2

Family Completed 2798

"Kau kenal keluarga yang dulu pernah tinggal di sini, Mas?" tanya Kristin saat mereka makan malam.

Adam meletakkan sendoknya. Ia mempelajari wajah Kristin sejenak sebelum menjawab, "Ya. Tapi tidak mendalam. Cuma sekadar tahu saja. Dulu kan aku pernah bekerja di proyek perumahan sini saat awal pembangunannya." "Oh ya? Rasanya kau tak pernah bercerita" Kristin tampak tertarik.

"Malu sih. Aku sering cerita padamu tentang inginnya aku punya rumah di tempat ini, tapi tak bisa. Yah, mana mungkin? Gajinya cuma cukup untuk hidup."

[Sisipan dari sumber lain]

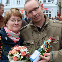 Überrascht wurden heute nicht nur Karnevalisten, sondern auch Heike und Frank Handorf. Die beiden feiern heute ihren 20. Hochzeitstag und wurden mit einem eigenen Ständchen bedacht. Das haben sie auch schon vor 20 Jahren bekommen, als sie damals als frischvermähltes Paar das Rathaus verließen.
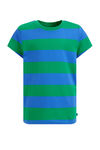 T-shirt de coton regular fit à rayures. Modèle à col rond et manches courtes.
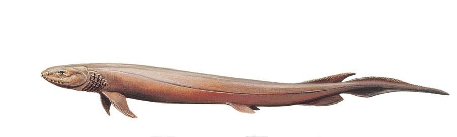 Il clamidoselacio vive in tutti gli oceani a una profondità compresa tra 100 e 1300 metri e, più che il mare aperto, preferisce le aree al largo delle grandi isole. È il più arcaico degli squali viventi e ha corpo bruno scuro uniforme, slanciato e curiosamente serpentiforme (tratto cui si deve l’altro nome di squalo anguilla). La testa è larga e la bocca, terminale, è armata di denti assai robusti e appuntiti, tutti uguali. Il clamidoselacio presenta 6 fessure branchiali per lato, piuttosto grandi e coperte da pieghe sinuose. Assai vorace, si ciba di pesci d’alto mare, di calamari e anche di carogne che trova sul fondo. È ovoviviparo.
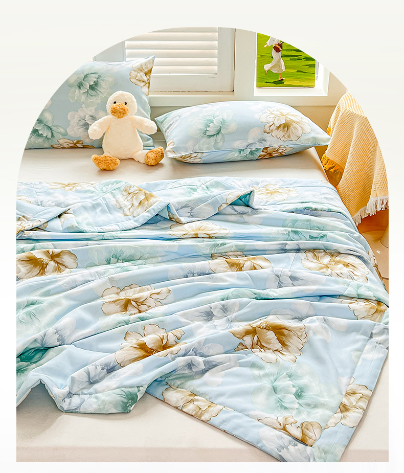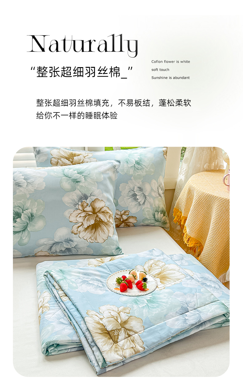 商品名称:天瑜 2024新款棉绸苏香绸舒香绸夏被人造棉夏凉被 盛世牡丹蓝
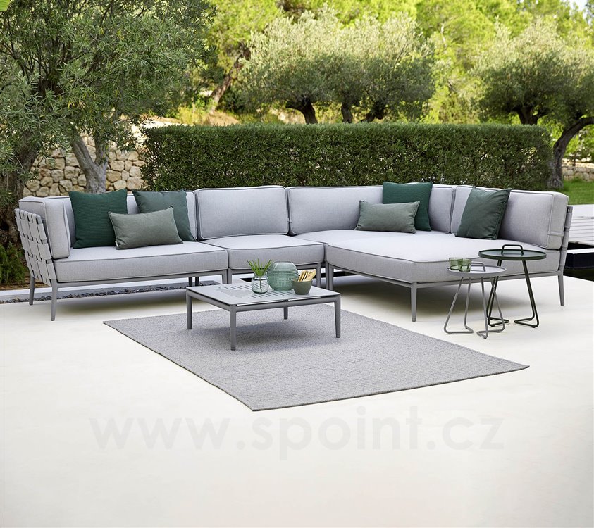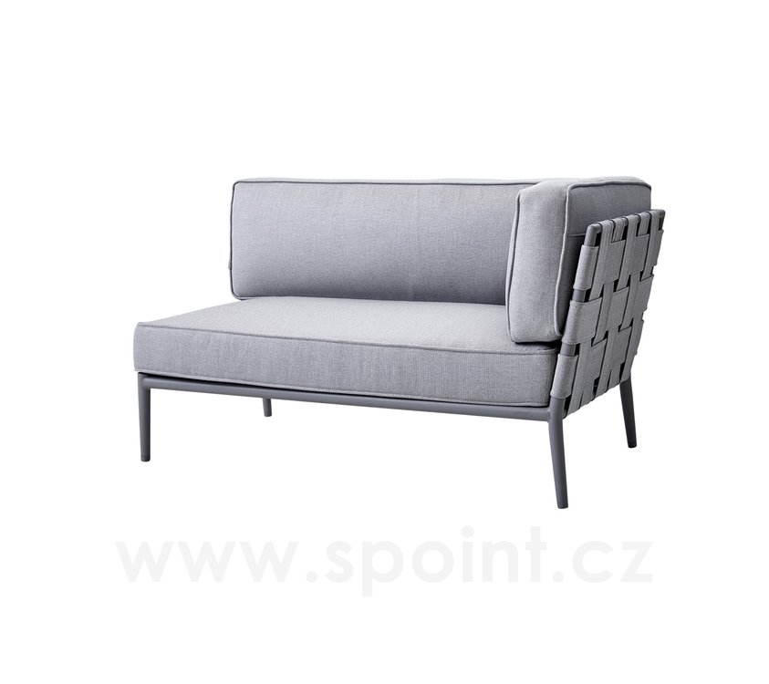 Ukončovací/rohový levostranný díl Conic, Cane-line, 140x82x82 cm, rám hliník barva grey, pásový výplet a sedáky venkovní látka barva AirTouch grey
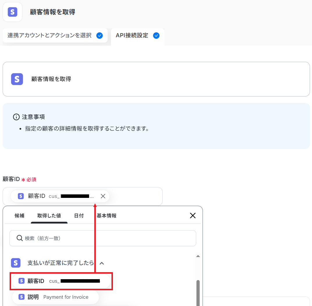 - 続いて、オペレーションでStripeの「顧客情報を取得」アクションを設定し、支払いを行った顧客の情報を取得します。
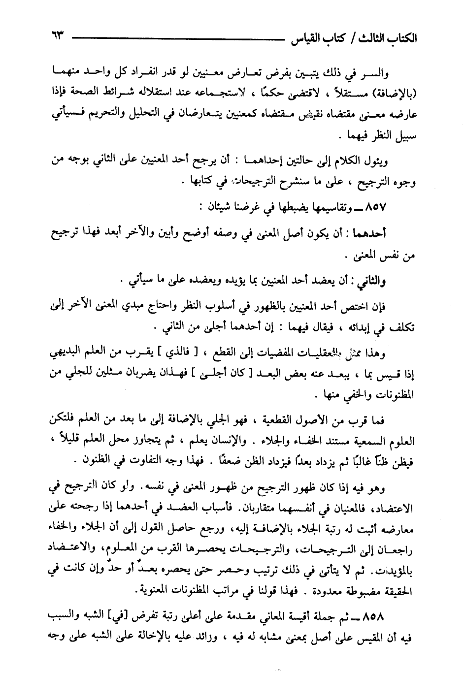 858- ثم جمله أقيسة المعاني مقدمة على أعلى رتبة تفرض [في] الشبه والسبب فيه أن المقيس على أصل بمعنى مشابه له فيه وزائد عليه بالإخالة على الشبه على وجه.
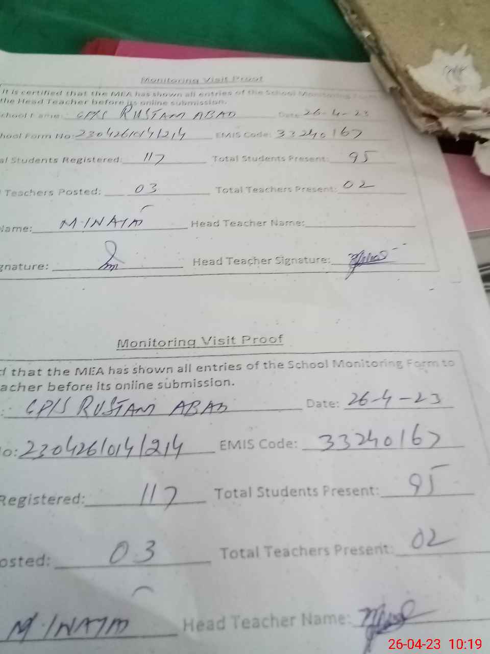 | Attendance Register | Head Teacher | MEA with School | Visit Proof |
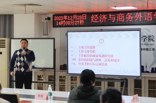 经济与商务外语学院党总支书记胡航从工作主要思路、主要举措、取得的成效及创新突破、存在的问题与困难和年度考核目标完成情况五个方面来进行工作总结。胡航书记表示我院在毕业生就业工作、毕业生考研工作、缴费工作以及政工队伍的科研工作上取得了创新突破。但在招生工作、学院安全和稳定工作上存在一些问题,有待解决。
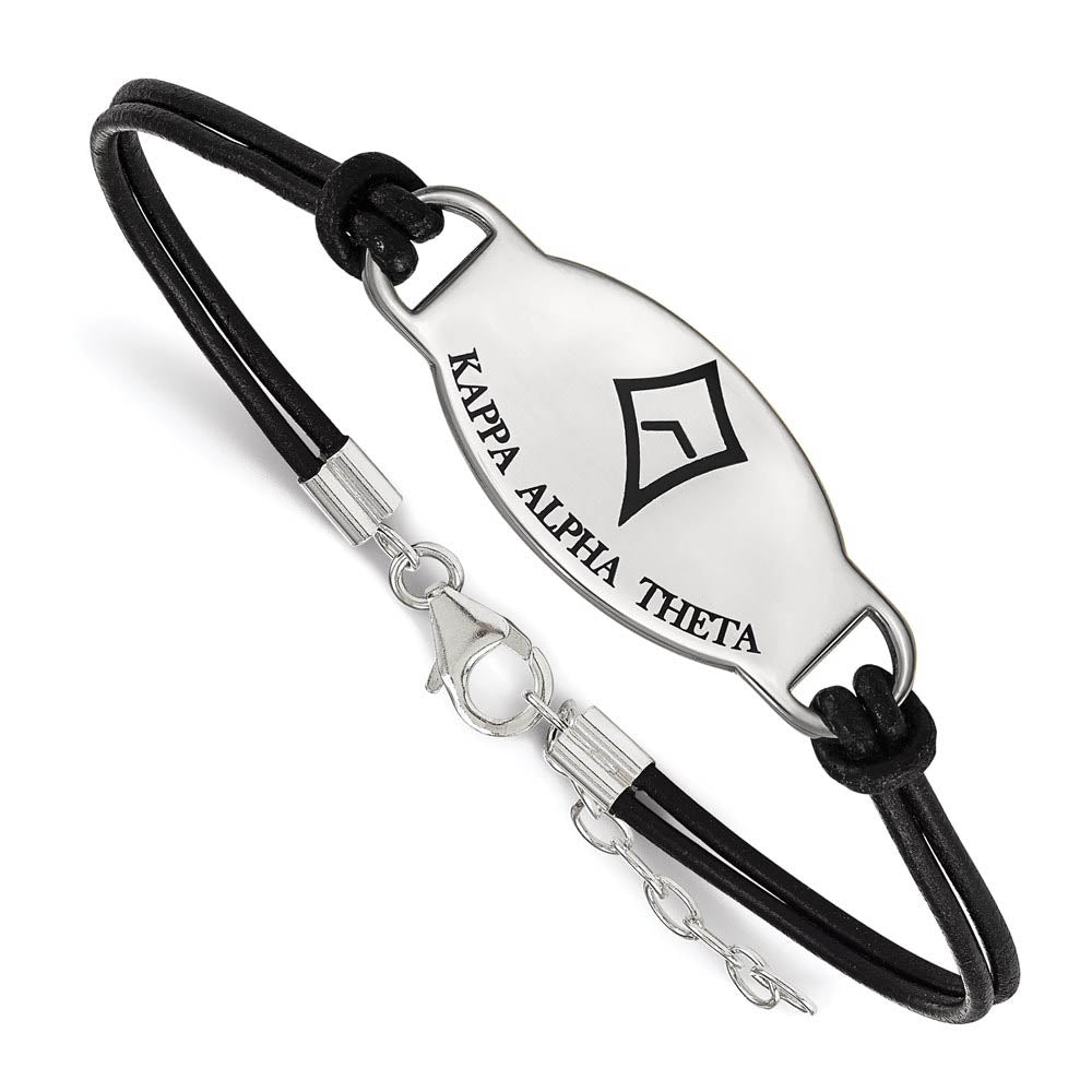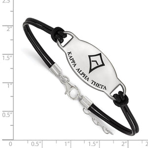 Sterling Silver Kappa Alpha Theta Enamel Blk Leather Bracelet - 7 in.

Kristin mengangkat bahu. "Ah, kenapa mesti malu? Memangnya setiap orang yang bekerja di proyek perumahan, termasuk ikut merencanakan pembangunannya, harus mampu memiliki juga? Aku maklum kok. Nyatanya sekarang kau berhasil juga." "Ya, memang. Tapi keberhasilan itu tercapai setelah tempat ini menjadi puing."

Kristin mengerutkan kening. Ucapan itu sepertinya kontradiktif dengan kebanggaan Adam akan rumah mereka itu. Ketika akan berbicara ia memekik pelan. Ada sepakan keras di perutnya. Ia cepat tersenyum menanggapi tatapan kaget Adam.

"Biasa. Dia nyepak, Mas," katanya.

Mereka melanjutkan makan. Adam makan lebih cepat daripada sebelumnya.

Lalu Kristin teringat akan pertanyaannya tadi. "Apakah keluarga Lie pindah ke Amerika semuanya?" Kembali Adam meletakkan sendoknya dan menatap Kristin dengan selidik. "Siapa?" tanyanya.

"Keluarga yang dulu tinggal di rumah ini." Kristin merasa tak enak melihat ekspresi Adam. "Aku merasa simpati pada para penghuni kawasan ini. Kasihan sekali. Bagaimana rasanya kalau dibegitukan orang?"

"Sudahlah, Kris. Sebaiknya jangan membicarakan itu kalau sedang makan. Jadi susah menelan nih."

"Jadi mereka pindah semuanya?"

"Mereka siapa?"

"Keluarga Lie itu."

"Mana aku tahu? Bukan urusanku," sahut Adam dengan ekspresi tak senang.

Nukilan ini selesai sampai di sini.